What is needed: The task for the listing below is to write out exactly the lines starting at the one containing "It’s maybe obvious" and ending at the one containing "Koupelna disponuje sprchovým", both included. Pictures are to be omitted.

Dataset entries:
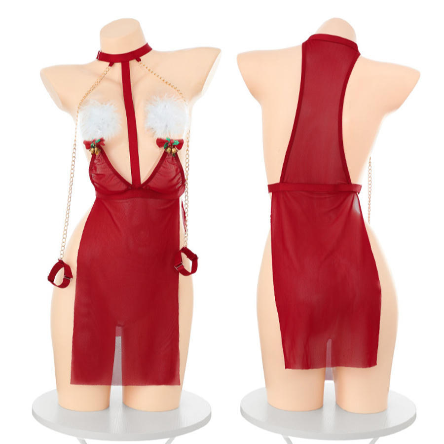 Sexy slight stretch christmas metal chain babydoll(with nipple covers&thong)
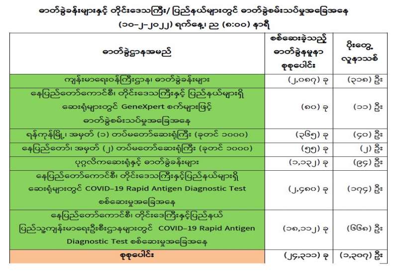 ကျန်းမာရေးဝန်ကြီးဌာနအနေဖြင့် နိုင်ငံအတွင်း ကူးစက်ဖြစ်ပွားနေသော COVID-19 ရောဂါ ကာကွယ်၊ ကုသ၊ ထိန်းချုပ်ရေးလုပ်ငန်းများကို အရှိန်အဟုန်မြှင့် ဆောင်ရွက်လျက်ရှိပါသည်။
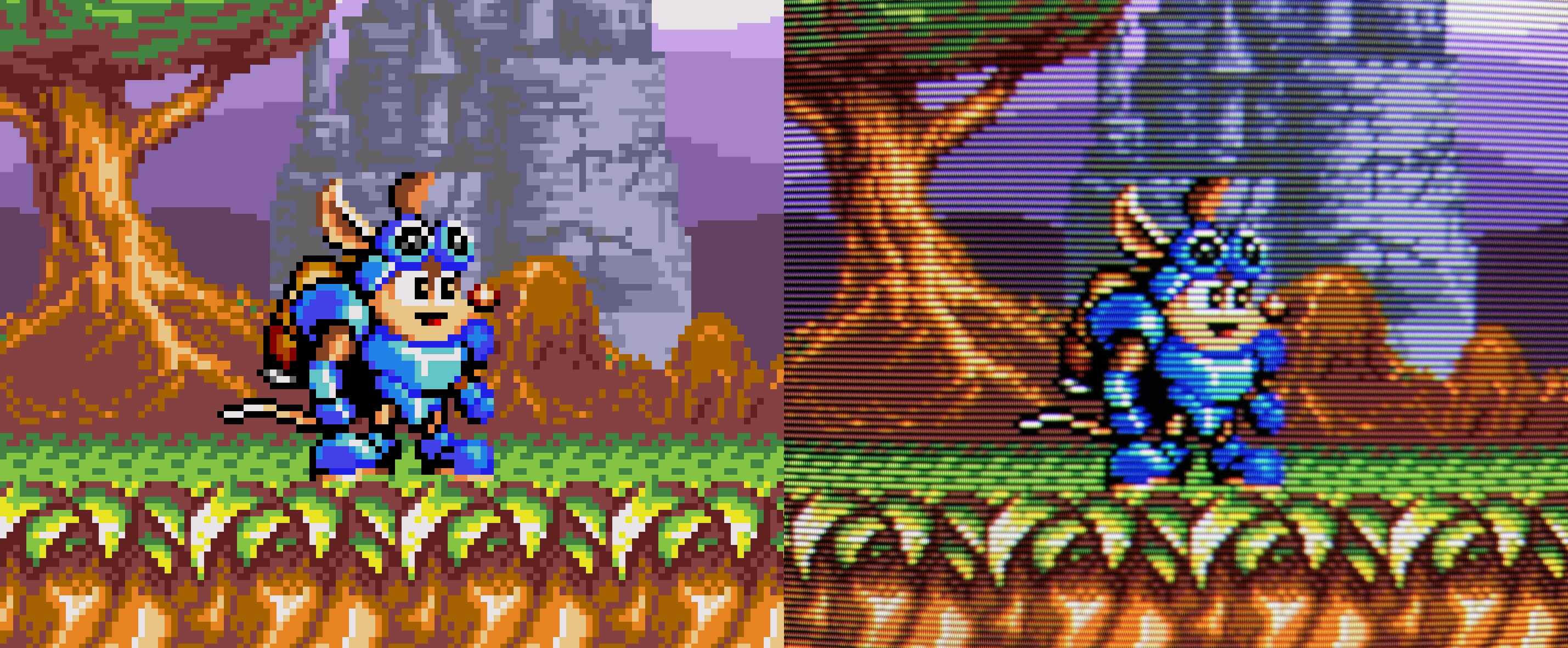 It’s maybe obvious that I wouldn’t want to watch an HDR movie on the CRTs in my office (even on a quite high-end CRT), but for the other way around, here’s an example image of what a retro game might look like on each of the two systems (courtesy of the CRT Pixels Twitter account):
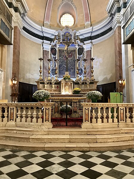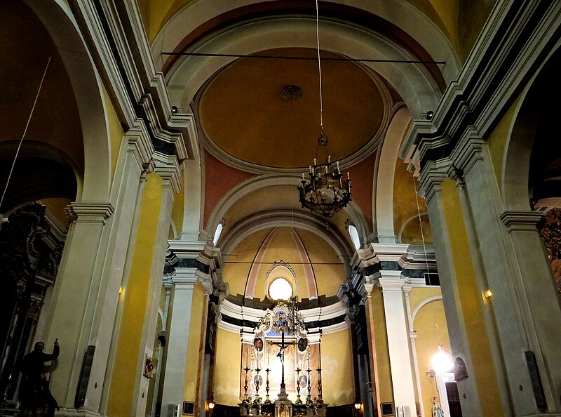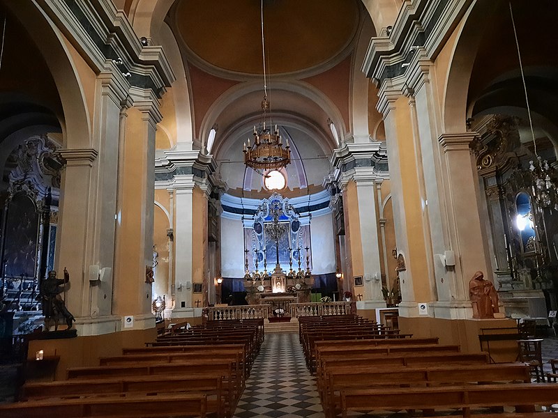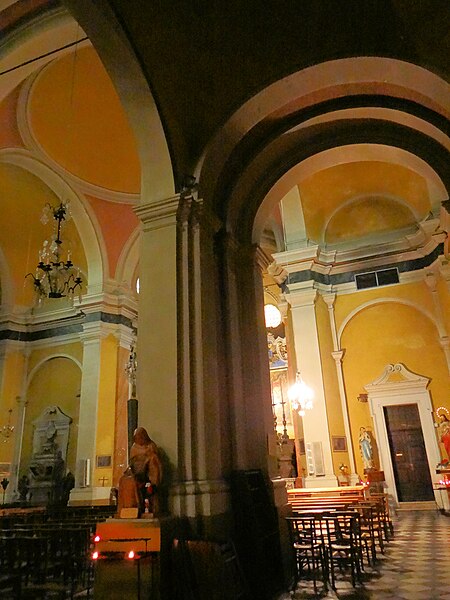L'édifice adopte un plan en croix latine ; la nef, composée de deux travées, est éclairée par des oculus placés au-dessus des collatéraux qui bordent la nef. Ces collatéraux aboutissent à un transept peu saillant donnant sur la travée du chœur, laquelle se termine par une abside en hémicycle. La nef est rythmée par des pilastres jumelés, détachés des piles, qui reprennent l'ordre toscan employé au premier niveau de la façade ; sur chacun de ces pilastres s'appuient les nervures jumelles de la voûte et les arcades ouvrant sur les collatéraux.
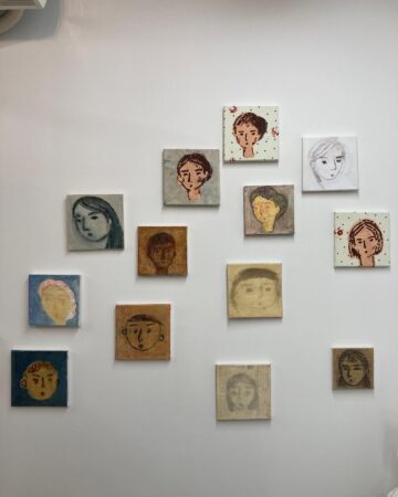 肖像画のような作品は、女性のようなモチーフが描かれた小さな作品です。新聞紙や布など様々な支持体に描かれています。
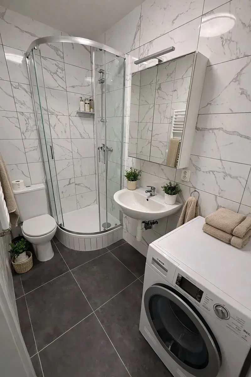 Koupelna disponuje sprchovým koutem, umyvadlem, toaletou s čerpadlem a pračkou. Vlastní plynový kotel zajišťuje vytápění i ohřev vody, což umožňuje regulovat náklady dle skutečné spotřeby.
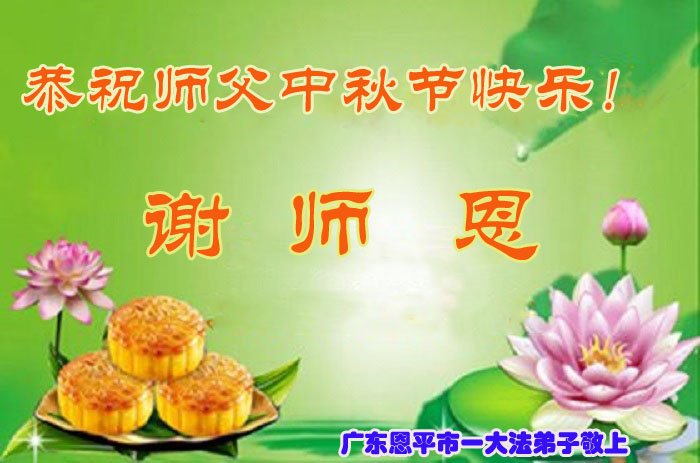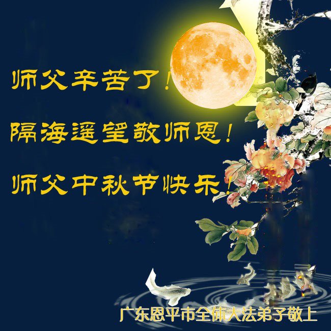 师父辛苦了! 隔海遥望敬师恩! 师父中秋节快乐!广东恩平市全体大法弟敬上 广东省江门市恩平市一大法弟子携家人恭祝师父中秋节快乐!
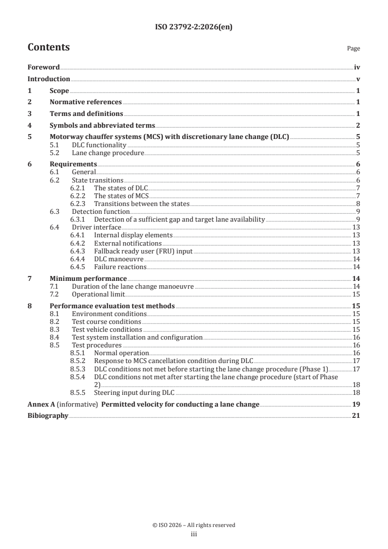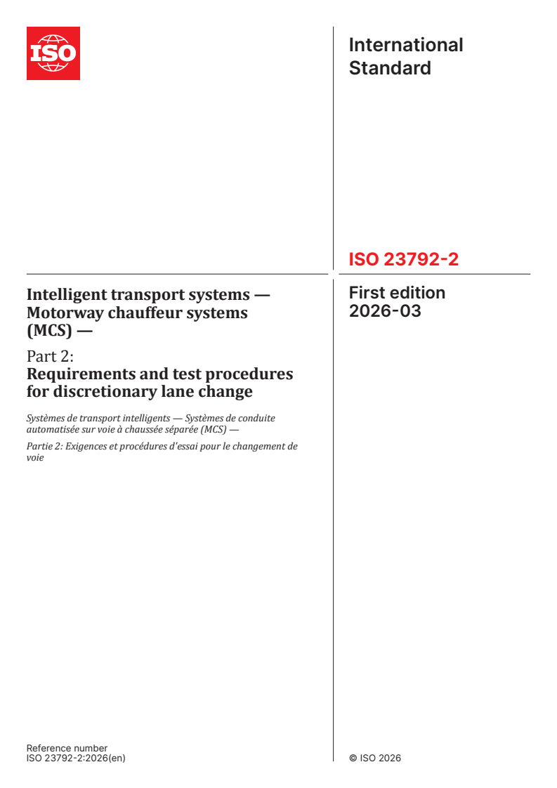 ISO 23792-2:2026 is a standard published by the International Organization for Standardization (ISO). Its full title is "Intelligent transport systems — Motorway chauffeur systems (MCS) — Part 2: Requirements and test procedures for discretionary lane change". This standard covers: This document specifies the requirements for discretionary lane change (DLC) for motorway chauffeur systems (MCS) that perform Level 3 automated driving on limited access motorways. It also specifies the test procedures to verify the requirements. DLC is an additional functionality that can be added to an MCS conforming to the general requirements specified in ISO/TS 23792-1. Means related to setting a destination and selecting a route to reach the destination are not in the scope of this document. This document applies to the system installed in light vehicles.
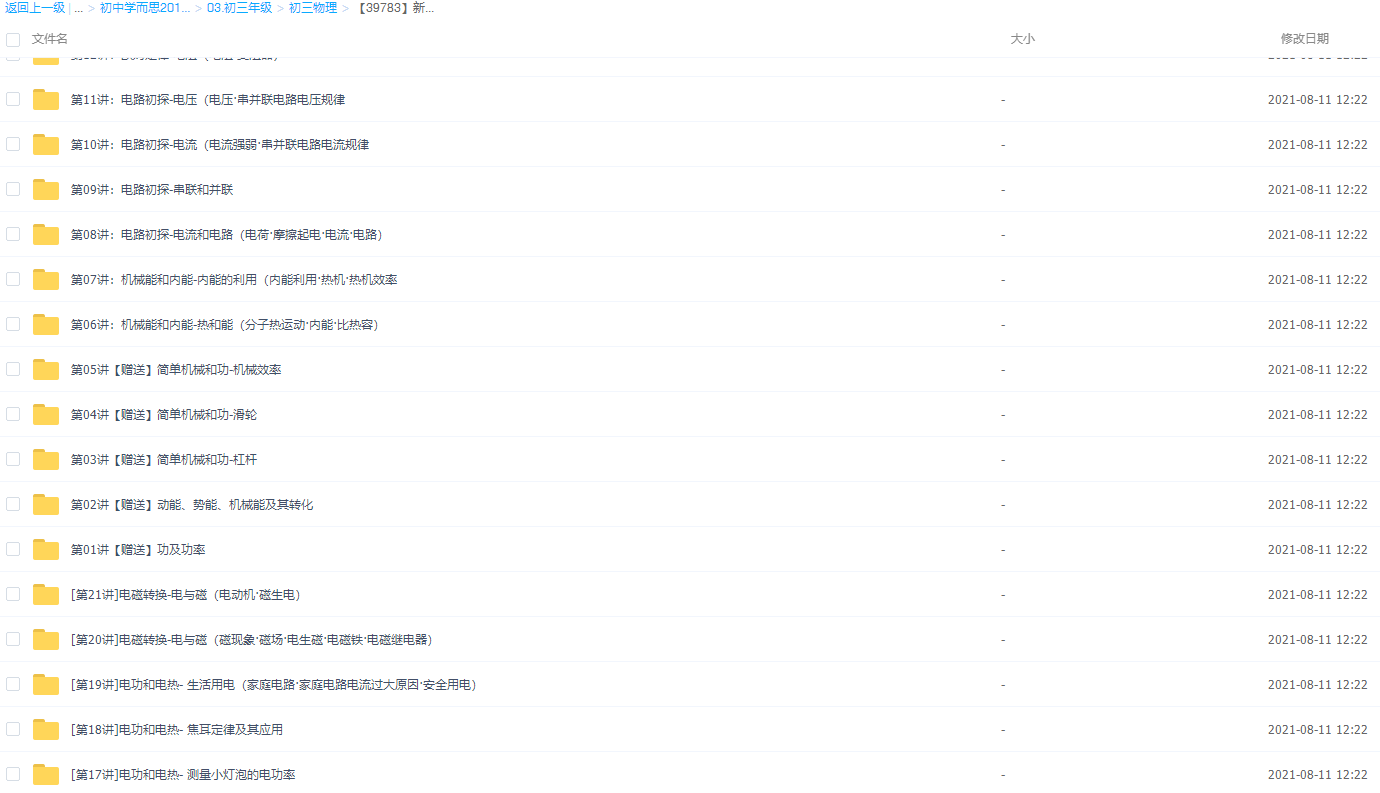 此课件来自学而思网校,【39783】新初三物理年卡超常班(沪粤版),包含视频课程和讲义资料 。此课件的主要知识点包括:中考电学计算专题电路动态分析与计算复习、简单机械和功-机械能复习、电路初探-电流(电流强弱·串并联电路电流规律)、电磁转换-中考电磁学专题之电磁铁原理等视频课程。
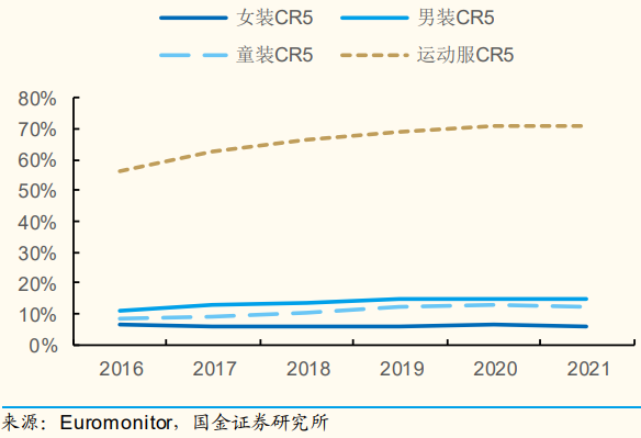 与运动服饰、男装、童装这类款式、风格设计选择较少的服饰相比,女装市场虽然规模庞大,却是一个极其分散的市场。据Euromonitor统计,在国内运动服饰前五大品牌市场占有率接近70%,男装、童装前五大品牌市场占有率也普遍超过10%的情况下,女装行业前五大品牌的市场占有率仍在10%以下,市场集中度极低。
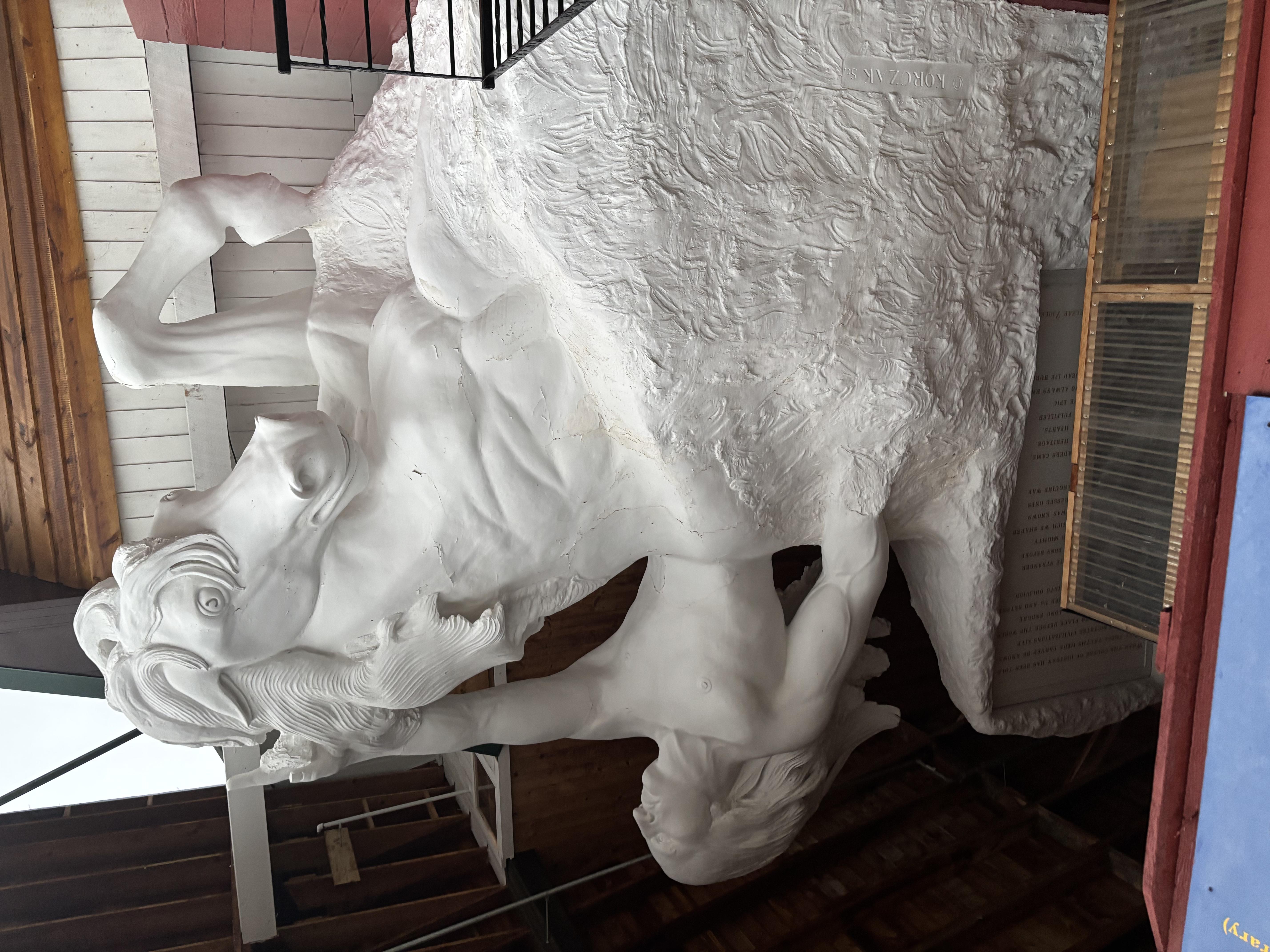 The Crazy Horse Memorial is a mountain monument complex under construction on privately held land in the Black Hills. It has Crazy Horse, riding a horse and pointing to the Lakota tribal land. The memorial was commissioned by Henry Standing Bear, a Lakota elder, to be sculpted by Korczak Ziolkowski. It is operated by the Crazy Horse Memorial Foundation, a nonprofit organization. As the Boys pulled in to the complex, the deluge began again, so they dashed into the Indian Museum of North America, which is home to a large collection of art and artifacts reflecting the diverse histories and cultures of over 300 Native Nations.
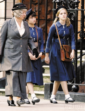 那個曾經(jīng)滿臉稚氣的赫敏在《芭蕾舞鞋》中已經(jīng)長成了大姑娘,個頭比很多同齡人都高,長及肩膀的波浪長發(fā)讓她顯得更為成熟。改變最大的是發(fā)色,愛瑪在《哈利·波特》中頭發(fā)還是栗子色的,但在《芭蕾舞鞋》中變成了金黃色。原來,后者才是她的本來發(fā)色。當(dāng)初拍《哈利·波特》時,因?yàn)榱_琳原著中赫敏的頭發(fā)是栗子色,愛瑪只能忍痛讓發(fā)型師把她的頭發(fā)全部染了。新片中,愛瑪?shù)膽蚍⒉唤k爛,嚴(yán)謹(jǐn)?shù)挠⒏裉m女學(xué)生制服雖然沒有女巫披風(fēng)那么“拉風(fēng)”,但卻同樣襯得她秀美而純情。
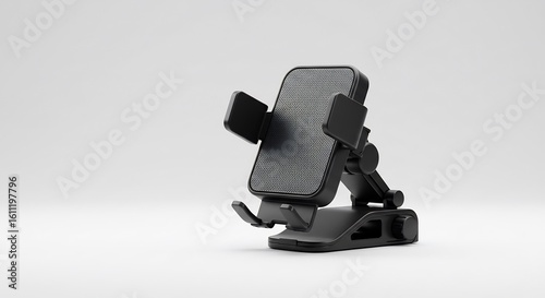 Naklejka premium シンプルデザイン 黒スマホスタンド 安定感抜群 滑らかな質感 使いやすい. AI Generated

Final answer:
 It’s maybe obvious that I wouldn’t want to watch an HDR movie on the CRTs in my office (even on a quite high-end CRT), but for the other way around, here’s an example image of what a retro game might look like on each of the two systems (courtesy of the CRT Pixels Twitter account):
L'édifice adopte un plan en croix latine ; la nef, composée de deux travées, est éclairée par des oculus placés au-dessus des collatéraux qui bordent la nef. Ces collatéraux aboutissent à un transept peu saillant donnant sur la travée du chœur, laquelle se termine par une abside en hémicycle. La nef est rythmée par des pilastres jumelés, détachés des piles, qui reprennent l'ordre toscan employé au premier niveau de la façade ; sur chacun de ces pilastres s'appuient les nervures jumelles de la voûte et les arcades ouvrant sur les collatéraux.
 肖像画のような作品は、女性のようなモチーフが描かれた小さな作品です。新聞紙や布など様々な支持体に描かれています。
 Koupelna disponuje sprchovým koutem, umyvadlem, toaletou s čerpadlem a pračkou. Vlastní plynový kotel zajišťuje vytápění i ohřev vody, což umožňuje regulovat náklady dle skutečné spotřeby.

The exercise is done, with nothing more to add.